Research carried out by Pradeo Lab found that there were on average seven security flaws per app tested. The firm estimated that the flaws could put half a billion people who use the apps to carry out online banking at risk.
According to Clément Saad, founder and president of Pradeo, what was worrying is not only the number of establishments concerned, but also the number of techniques that worked when the company checked potential security approaches.
“We did not settle for a demonstration of the vulnerability of each application in front of a simple keylogger, but their weaknesses facing more than twenty threats. Not a single banking app successfully passed our exam, and on average, and each app was susceptible to seven breaches,” he said.
The firm said that criminals attack banking apps with many different goals: stealing passwords, spying into account behaviour, retrieving transaction validation codes to name just a few.
Saad said that while the implications of his company's findings are far-reaching, the priority is to equip banks with the right tools to beat cyber-criminals.
“We limited our study to 50 banks,” he said. “Chances are that apps from other banking establishments are also at risk and that consequently, the number of impacted users is potentially very significant. While there have not yet been any major security issues with banking apps, banks need to address these issues.”
Dave Levy, associate partner at Citihub Consulting, told SC Media UK that the base vulnerability is going to be the device operating system.

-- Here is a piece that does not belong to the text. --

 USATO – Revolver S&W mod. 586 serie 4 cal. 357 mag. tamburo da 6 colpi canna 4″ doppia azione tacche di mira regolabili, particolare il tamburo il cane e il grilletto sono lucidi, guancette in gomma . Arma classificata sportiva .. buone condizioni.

“Most popular phone operating systems are not as secure as server operating systems and they're usually full of useless bloatware that increases the attack surface,” he said.
“Applying formal controls and strong SDLC practices would help. Regulators such as the MAS has some interesting things to say about doing it properly. For instance, they mandate that the banks certify specific phones as platforms for their applications. These are all measures that we are learning to apply in the data centre.”

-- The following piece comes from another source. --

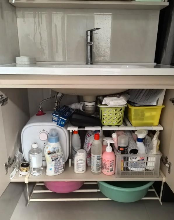 水槽下方原本要放净水器、垃圾处理器、清洁用品,再塞一个小厨宝,空间立刻变得拥挤。

Lee Munson, security researcher at Comparitech.com, told SC that there are several reasons why banking apps may be susceptible to vulnerabilities, with the most obvious one being the implementation of poor coding practices from the outset.
“Beyond that, I would speculate that the next biggest factor could be cost – it is not unusual for some organisations to think the task is complete as soon as an app is in a state that allows a compliance check box to be ticked, even though that typically means the job is only half done,” he said.
“Lastly, we shouldn't forget that very few pieces of code are ever completely secure on day one and bugs and vulnerabilities come to light over a period of time. In the case of banking apps, there are more than the usual number of people trying to find the weak spots.”